**PROVIDED MATERIAL:**
====================

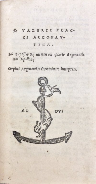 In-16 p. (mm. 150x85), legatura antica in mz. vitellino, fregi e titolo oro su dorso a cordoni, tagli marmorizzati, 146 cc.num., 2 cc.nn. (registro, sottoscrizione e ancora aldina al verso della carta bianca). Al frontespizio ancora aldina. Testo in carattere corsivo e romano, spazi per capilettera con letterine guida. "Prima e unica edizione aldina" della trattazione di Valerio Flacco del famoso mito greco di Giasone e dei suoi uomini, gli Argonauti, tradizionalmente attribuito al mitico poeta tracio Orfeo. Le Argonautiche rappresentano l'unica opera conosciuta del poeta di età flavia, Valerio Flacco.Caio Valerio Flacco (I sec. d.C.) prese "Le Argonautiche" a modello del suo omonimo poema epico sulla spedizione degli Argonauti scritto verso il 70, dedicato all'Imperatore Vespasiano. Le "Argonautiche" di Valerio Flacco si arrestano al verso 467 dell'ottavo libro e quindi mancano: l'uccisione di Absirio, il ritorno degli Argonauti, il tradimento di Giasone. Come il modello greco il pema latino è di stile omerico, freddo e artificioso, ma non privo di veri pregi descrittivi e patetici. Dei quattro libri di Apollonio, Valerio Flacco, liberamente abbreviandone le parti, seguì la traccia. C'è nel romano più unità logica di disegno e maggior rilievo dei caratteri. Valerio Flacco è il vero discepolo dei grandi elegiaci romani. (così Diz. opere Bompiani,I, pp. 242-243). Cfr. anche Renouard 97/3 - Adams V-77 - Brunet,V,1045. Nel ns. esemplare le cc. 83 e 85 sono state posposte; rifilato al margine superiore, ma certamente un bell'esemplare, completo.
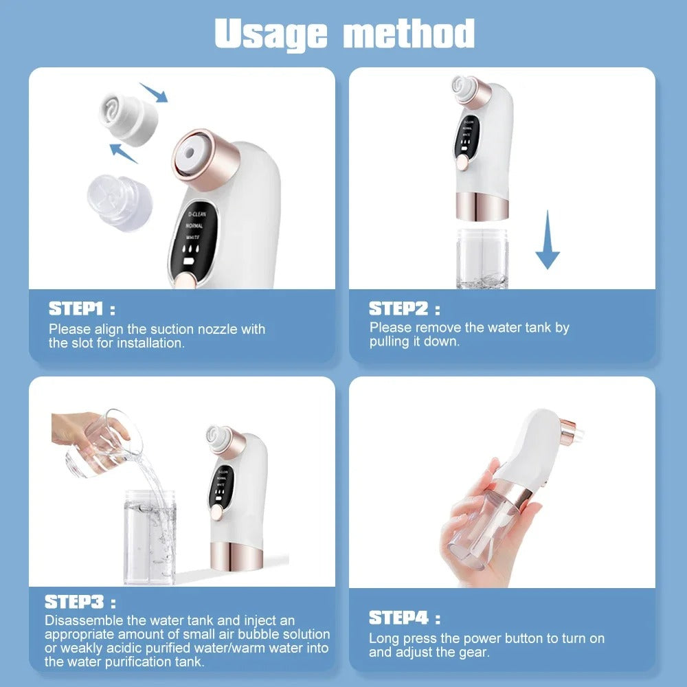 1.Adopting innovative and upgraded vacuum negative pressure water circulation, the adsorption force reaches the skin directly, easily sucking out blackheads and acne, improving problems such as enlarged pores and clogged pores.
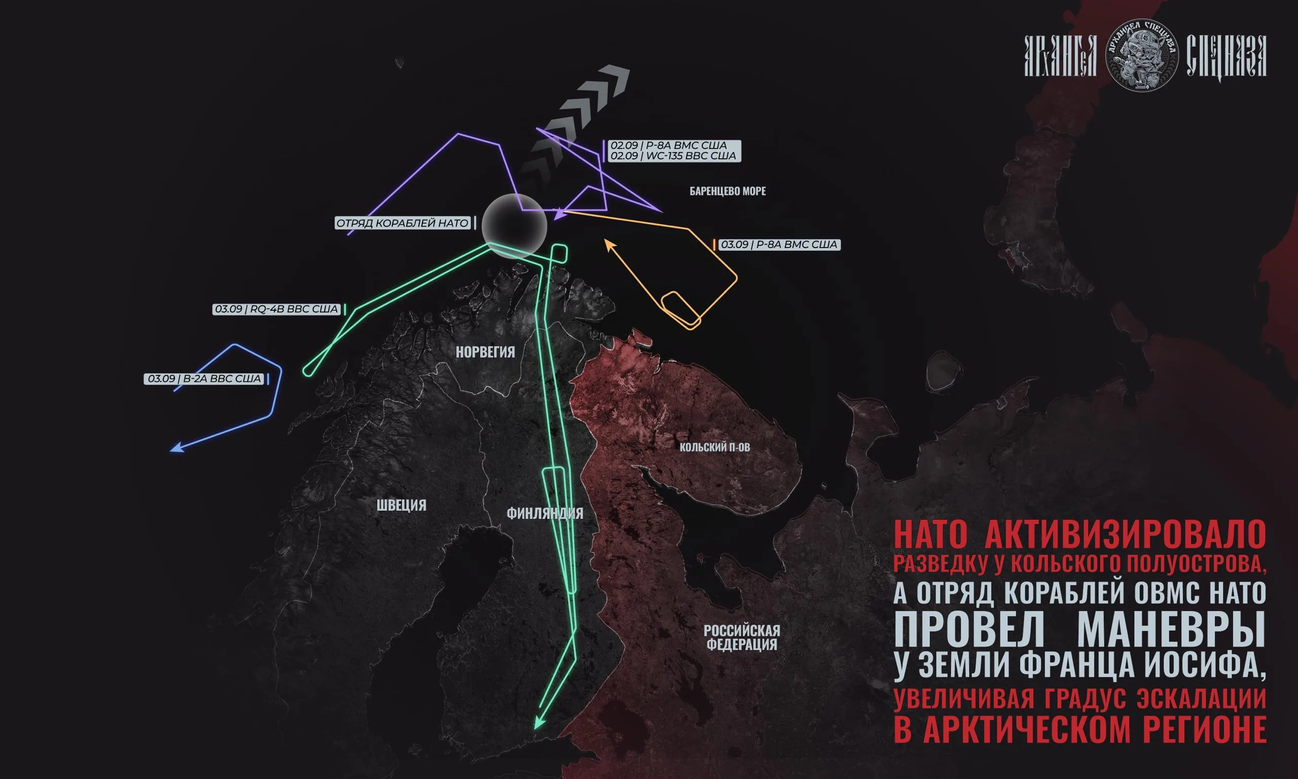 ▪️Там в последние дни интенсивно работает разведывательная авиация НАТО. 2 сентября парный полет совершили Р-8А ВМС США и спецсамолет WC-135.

====================

**TASK DIRECTIONS:** What you give back should be the full material above, retyped exactly, with every image removed.

**OUTPUT OF THE TASK:**
 In-16 p. (mm. 150x85), legatura antica in mz. vitellino, fregi e titolo oro su dorso a cordoni, tagli marmorizzati, 146 cc.num., 2 cc.nn. (registro, sottoscrizione e ancora aldina al verso della carta bianca). Al frontespizio ancora aldina. Testo in carattere corsivo e romano, spazi per capilettera con letterine guida. "Prima e unica edizione aldina" della trattazione di Valerio Flacco del famoso mito greco di Giasone e dei suoi uomini, gli Argonauti, tradizionalmente attribuito al mitico poeta tracio Orfeo. Le Argonautiche rappresentano l'unica opera conosciuta del poeta di età flavia, Valerio Flacco.Caio Valerio Flacco (I sec. d.C.) prese "Le Argonautiche" a modello del suo omonimo poema epico sulla spedizione degli Argonauti scritto verso il 70, dedicato all'Imperatore Vespasiano. Le "Argonautiche" di Valerio Flacco si arrestano al verso 467 dell'ottavo libro e quindi mancano: l'uccisione di Absirio, il ritorno degli Argonauti, il tradimento di Giasone. Come il modello greco il pema latino è di stile omerico, freddo e artificioso, ma non privo di veri pregi descrittivi e patetici. Dei quattro libri di Apollonio, Valerio Flacco, liberamente abbreviandone le parti, seguì la traccia. C'è nel romano più unità logica di disegno e maggior rilievo dei caratteri. Valerio Flacco è il vero discepolo dei grandi elegiaci romani. (così Diz. opere Bompiani,I, pp. 242-243). Cfr. anche Renouard 97/3 - Adams V-77 - Brunet,V,1045. Nel ns. esemplare le cc. 83 e 85 sono state posposte; rifilato al margine superiore, ma certamente un bell'esemplare, completo.
 1.Adopting innovative and upgraded vacuum negative pressure water circulation, the adsorption force reaches the skin directly, easily sucking out blackheads and acne, improving problems such as enlarged pores and clogged pores.
 ▪️Там в последние дни интенсивно работает разведывательная авиация НАТО. 2 сентября парный полет совершили Р-8А ВМС США и спецсамолет WC-135.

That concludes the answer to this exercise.